Genome Mining Hits Pay Dirt

CHEMICAL BIOLOGY

Using genome mining, researchers have predicted and then discovered a previously unknown natural product.

The process of discovering natural products from microbes is usually long and laborious. Genome mining--that is, searching a genome for DNA sequences that encode enzymes involved in the biosynthesis of particular products--could provide a significant shortcut, as demonstrated by Gregory L. Challis and coworkers in the chemistry department at the University of Warwick, Coventry, England. They have used genome mining to identify a previously unknown natural product from the soil-dwelling bacterium Streptomyces coelicolor.

In 2000, Challis' group identified a gene cluster that encodes a new nonribosomal peptide synthetase, which is a modular protein system that synthesizes peptides without ribosomes. They predicted that the cluster produces an unknown iron-chelating peptide, which they called coelichelin. Now, they've actually found the peptide and confirmed its structure (Nat. Chem. Biol., published online Sept. 11, dx.doi.org/ 10.1038/nchembio731).
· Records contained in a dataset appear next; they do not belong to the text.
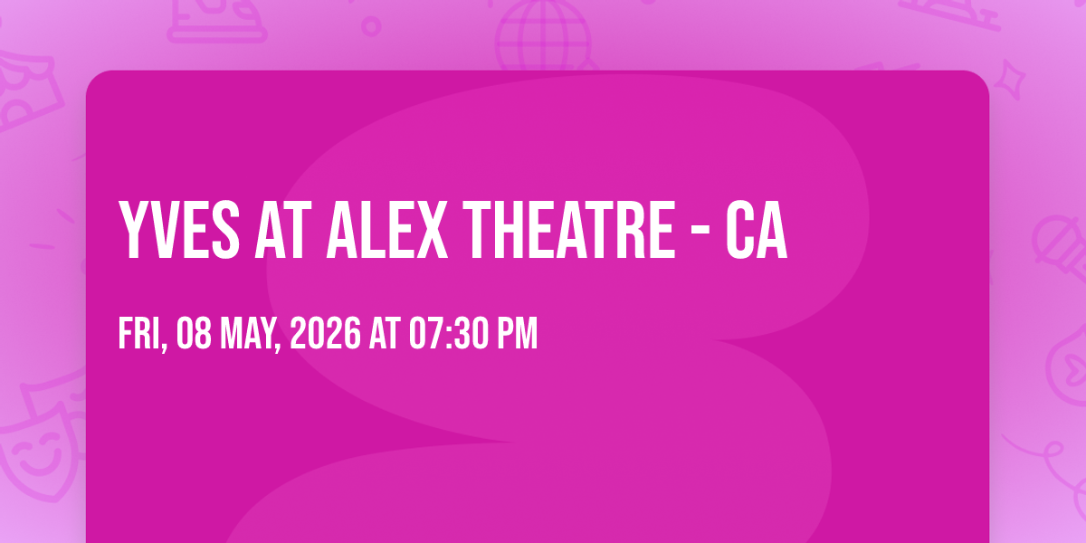 🌟 Be part of history at Yves at Alex Theatre - CA, an extraordinary gathering that will captivate your imagination! 🏛️ The prestigious Alex Theatre - CA in Glendale, CA sets the stage for an unforgettable experience on May 8th, 2026 at 07:30 PM. ✨ They are bringing together the finest elements of entertainment and innovation to create moments that will take your breath away. From the moment you arrive, you'll be immersed in an atmosphere of wonder and excitement. 🎯 This carefully planned event ensures every guest experiences something truly special. 🎊 Early booking is recommended for this must-attend event of the season!
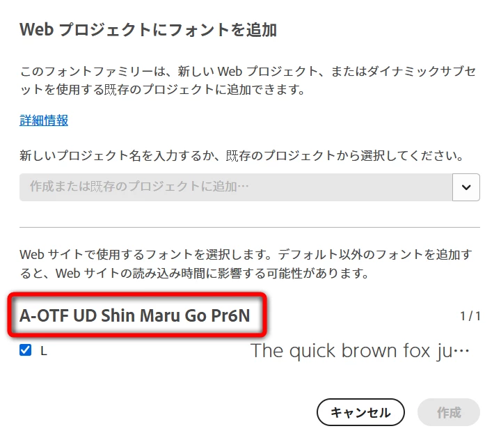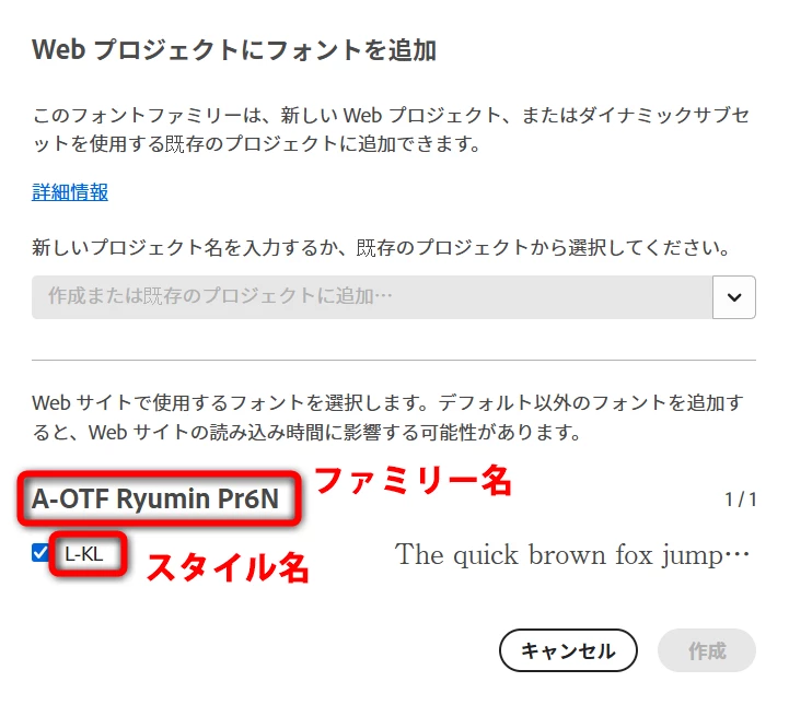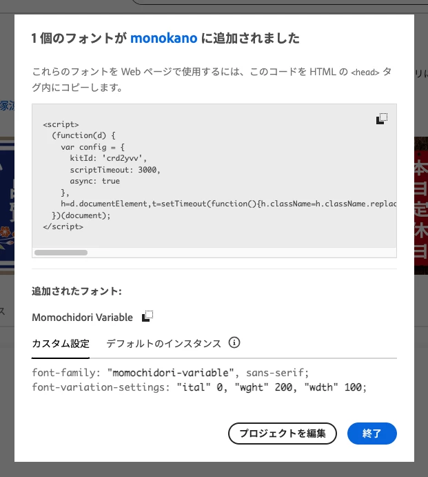 Adobe FontsのフォントをWebフォントで使う時は、規定の手順に沿って「Webプロジェクト」に登録します。そうすると専用の <script> が発行され、その同一画面に font-family も掲示されます。
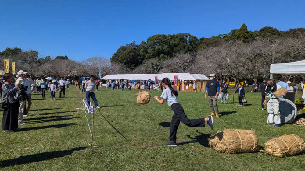 鬼の俵投げでは、重さのある俵を遠くへ投げる力強さが試され、参加者たちは力を振り絞って挑戦しました。

"In our approach, we use analysis of DNA sequence data to predict structural elements of new natural products and then use this information to design strategies for rapidly identifying, purifying, and structurally characterizing the compounds," Challis says.

They predicted how many and which amino acids the product would contain. The information turned out to be crucial for identifying culture conditions in which the product could be produced by the organism and isolated. Surprisingly, even though the gene cluster encodes a nonribosomal peptide synthetase containing only three modules, which usually means that the product would be a tripeptide, coelichelin is in fact a tetrapeptide with one of the predicted amino acids incorporated twice.

"The fact that it is a tetrapeptide rather than a tripeptide is very important because it has potentially far-reaching implications for nonribosomal peptide synthetase multienzymes, which are involved in the biosynthesis of many important microbial natural products," Challis says. These findings suggest that these systems don't always work the way people assume they do.

Brian O. Bachmann, an assistant professor of chemistry at Vanderbilt University, says this work "takes a chunk out of the luck component of natural products discovery, which traditionally relies on screening a large number of extracts. The work shows that a little foreknowledge goes a long way. With a good idea of the natural product structures that a given biological source may contain, the task of isolating them and solving their final structure is greatly simplified."